The Morgan will spend nine days in New Bedford (June 28–July 6) and will be open to the public each day between 9 am and 5 pm. Among other activities, visitors can row a whaleboat, getting a taste of the experience Melville endured on the open ocean in the hunt for sperm whales. As part of the celebration in New Bedford, there will be a Whaling History Symposium, at which scholars and writers on Melville will speak, including Jennifer Baker, Mary K. Bercaw Edwards, Jaime Campomar, Jason Hine, Wyn Kelley, Timothy Marr, Dale Peterson, Laurie Robertson-Lorant, Christopher Sten, and Robert K. Wallace. See the Melville Society website for more information: <http://melvillesociety.org/>.

Proposals for the Tenth International Melville Conference, “Melville in a Global Context,” which will be held in Tokyo, Japan, June 25–29, 2015, are due by August 15, 2015. This long-planned conference will be rich and rewarding, and all are encouraged to propose a paper and attend.
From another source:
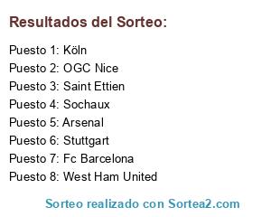 Lista de participantes: Arsenal, West Ham United, Stuttgart, Köln, Saint Ettien, Fc Barcelona, Sochaux, OGC Nice.

The CFP can be found on the Melville Society website. Please note the inventive logo for the conference [End Page 83] (Fig. 1). At the Society site, you can find a high-resolution, color digital copy of the logo and also a digitized image of the Joseph Oriel Eaton portrait of Melville (1870), owned by the Houghton Library at Harvard University. A large image of the portrait can be seen by going to the “Credits” tab in the toolbar and clicking on the smaller Eaton image. Thanks are due to the Society’s expert webmaster, Robert Sandberg, for his continuing and creative work on the site.


Click for larger view
View full resolution
Fig. 1.

Logo for the Tenth International Melville Conference, “Melville in a Global Context,” designed by YOUCHAN (Yuko Ito). Courtesy of the Melville Society of Japan.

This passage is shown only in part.